Категория 18+ — только для взрослых: жанровая тематическая специфика, жаргонная и ненормативная лексика
СПЕЦБЛОКАДА
— Дай ещё папиросу! — попросил Ростислав. И закурил нервно. — Сколько на земле культур!
языков! стран! и в каждой стране столько
умных людей и ещё больше умных книжек —
какой дурак всё это будет читать?!
(А. Солженицын, «В круге первом»)
В далёком 1939 году в пригороде Парижа, жестоко страдая, умирал поэт Владислав Ходасевич…
О нём говорили: гордость русской поэзии, литературный потомок Пушкина по тютчевской линии, наследник русского символизма, одиннадцатый из десяти великих русских поэтов… Однако, в клинике, незадолго до смерти, Владислав Фелицианович желчно высказался: «Только тот мне брат, только того могу я признать человеком, кто, как я, мучился на этой койке».
Пергаментная маска высокомерного и язвительного мизантропа скрывала простую человеческую горечь — поэт умирал в одиночестве и отчуждении. Лишь редкие, едва не случайные посетители, жена Ольга да бывшая жена Нина были свидетелями последних дней одной из самых ярких звёзд поэзии Серебряного века…
Ходасевичу было тогда 53 года. Это ровно столько, сколько в данный момент мне. Но я не болен, не умираю и в ближайшие тридцать лет не собираюсь ни болеть, ни умирать. Отчего же мне так близка и понятна его душевная боль? Неужто столь невелика разница между больничной койкой и тюремной шконкой? Между лагерным бараком и палатой госпиталя для неизлечимо больных?
Выходит, что невелика…
~1~
Если хорошенько поразмыслить, то между тюрьмой и клиникой-хосписом действительно есть принципиальное сходство: в обоих случаях человек теряет право на самостоятельное принятие решений, свободу и, в конечном счёте — на жизнь. А ещё, как это водится, теряет друзей, и осознание этой жестокой правды сопровождается особенной скорбью и душевными муками…

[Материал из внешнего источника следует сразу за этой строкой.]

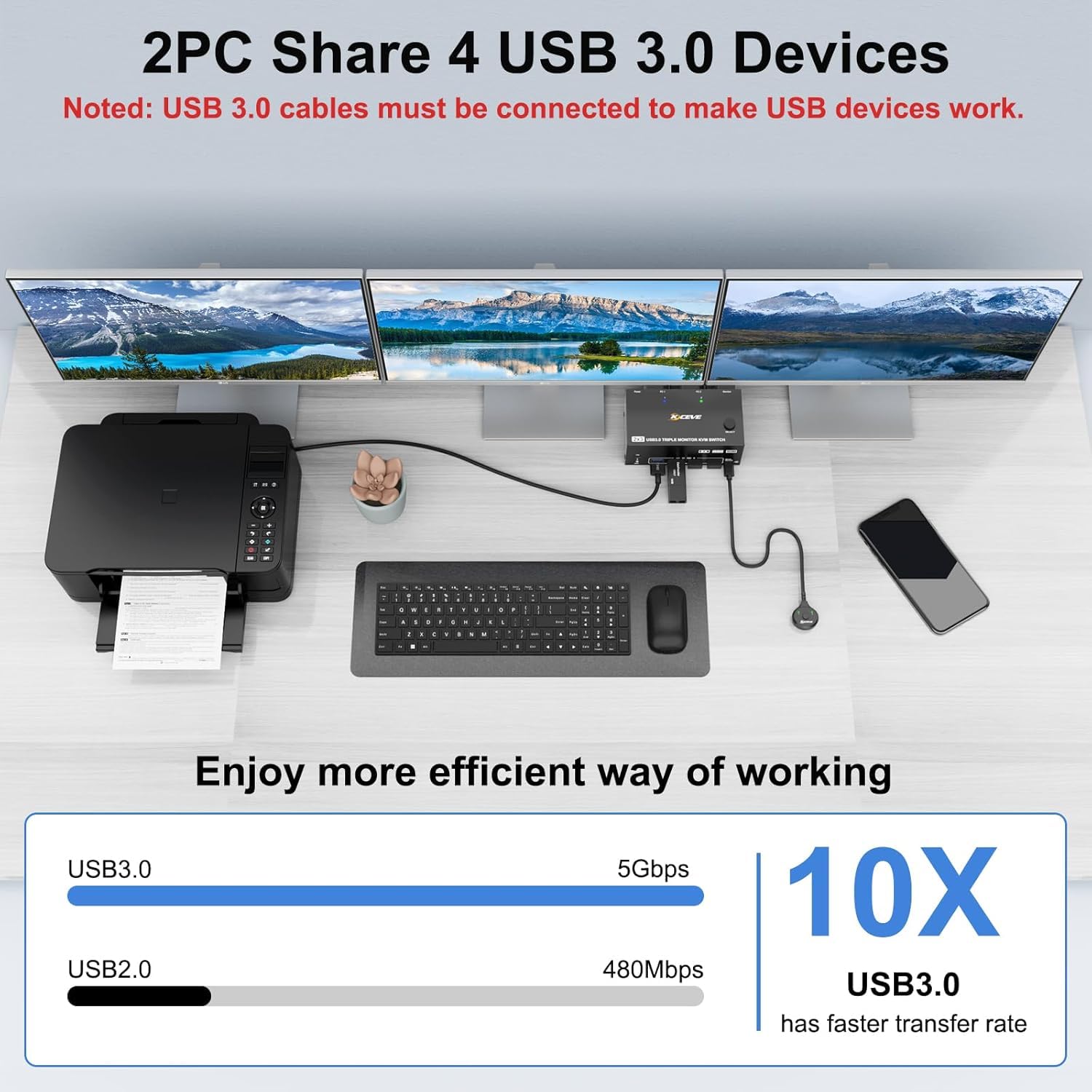 - 【KVM Switch 3 Monitors 2 Computers】The KVM switches allows 2 computers share 3 monitors and 4 USB3.0 devices. Support extended and copy display mode. Extended Mode: Computers host in output 3 different images on 3 monitors. Copy Mode: Computer host outputs 3 identical images on 3 monitors.(Note:Requires 2 Displayport +1 HDMI ports for each connected computer and make sure your PC supports multiple monitors).

Полагаю, найдётся немало охотников с этим поспорить, и они возразят, что, мол, с того света, ещё никто не возвращался, а из тюрем и лагерей — нате, пожалуйста, благополучно выходят!
Так, да не совсем так. Благополучное возвращение на свободу — это всего лишь видимость. На самом деле шансов вернуться из тюрьмы у человека очень и очень мало… В лучшем случае на свободу выйдет только его в меру потрёпанное, но живое тело. Что же касается другой составляющей человека, то есть его внутренней сущности — она, постепенно утрачивая свои первоначальные позиции, со временем, проведённым в неволе, вовсе испарится, а образовавшуюся пустоту заполнит уже совсем иная сущность. Словом, сохранится только форма, а вот содержание, увы, существенно поменяется. Стало быть, и человек будет уже не тот, каким был до тюрьмы — он станет совсем-совсем другим.
Этому поспособствует также множество сопутствующих факторов. В конце концов, не зря же пенитенциарная система со своим богатым, многовековым опытом помимо карательной несёт ещё и исправительную функцию. Уж она-то даром свой хлеб не ест — «исправит», можно не сомневаться.
Таким образом, вернувшийся из тюрьмы человек лишь внешне будет очень похож на прежнего, когда-то в неё угодившего. С той же фамилией, с тем же именем и паспортными данными этот другой человек и будет жить дальше, а того, прежнего, лучше сразу постараться забыть, как бы мысленно похоронив с почестями или без, и смириться с его утратой — идеальный был бы вариант…
Подавляющее большинство людей именно так и поступает: заживо хоронят в своей памяти и неизлечимо больных, и севших, а виновно или безвинно — не имеет значения. Как говорится, нет человека — нет проблем, с глаз долой — из сердца вон…
А те, кто в меньшинстве? Их остаются считанные единицы, но они упорно продолжают помнить и оплакивать тебя. Они сознательно готовы принять тебя каким угодно — прежним ли, в новой ли, заведомо не лучшей ипостаси. С ними-то как быть?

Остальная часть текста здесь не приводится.